For hotels, Schwab explains, “We are able to generate significant incremental profitability for our hotel partners – in essence, we’re now a key marketing channel and have worked with virtually every big brand globally, from Park Hyatt, to One&Only, Kempinski, Four Seasons, Ritz Carlton and Hilton.”
Of course, it has to be remembered that, while travel is increasingly organised online, the category still has a clear presence in high streets, via companies like the aforementioned Flight Centre. “It’s a huge business,” stresses Schwab. “They’re probably not growing like they did in the 80s, because they’re a much more mature business now, but they still have, I think, a $20 billion turnover. They’re a giant in Australia.”

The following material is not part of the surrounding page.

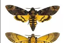 鬼脸天蛾,是鳞翅目天蛾科面形天蛾属动物。成虫翅展100~125毫米,体黑褐色;胸背有骷髅形斑纹;卵圆球形,直径约2毫米,淡黄绿色,表面光滑;老熟幼虫体长70~90毫米,蛹体长约56毫米;前翅为褐色,…全部>>

Luxury Escapes is much smaller (although growing at a fast clip, and in December, acquired the travel assets of the Catch Group), but its strong point is extremely high net promoter scores, says Schwab. “Our customers like us more than anyone else’s customers like them. So our net promoter score is 73, which means about 90 percent of our customers recommend Luxury Escapes to their friends, whereas the average in the travel industry is a 20 or 30.”
And when those customers can now visit a store modelled on a high-end airport lounge that promises free Wi-Fi, an on-site masseur, a barista, snacks, virtual reality goggles and a free BMW transfer service for members, the chances are those recommendations are only going to rise.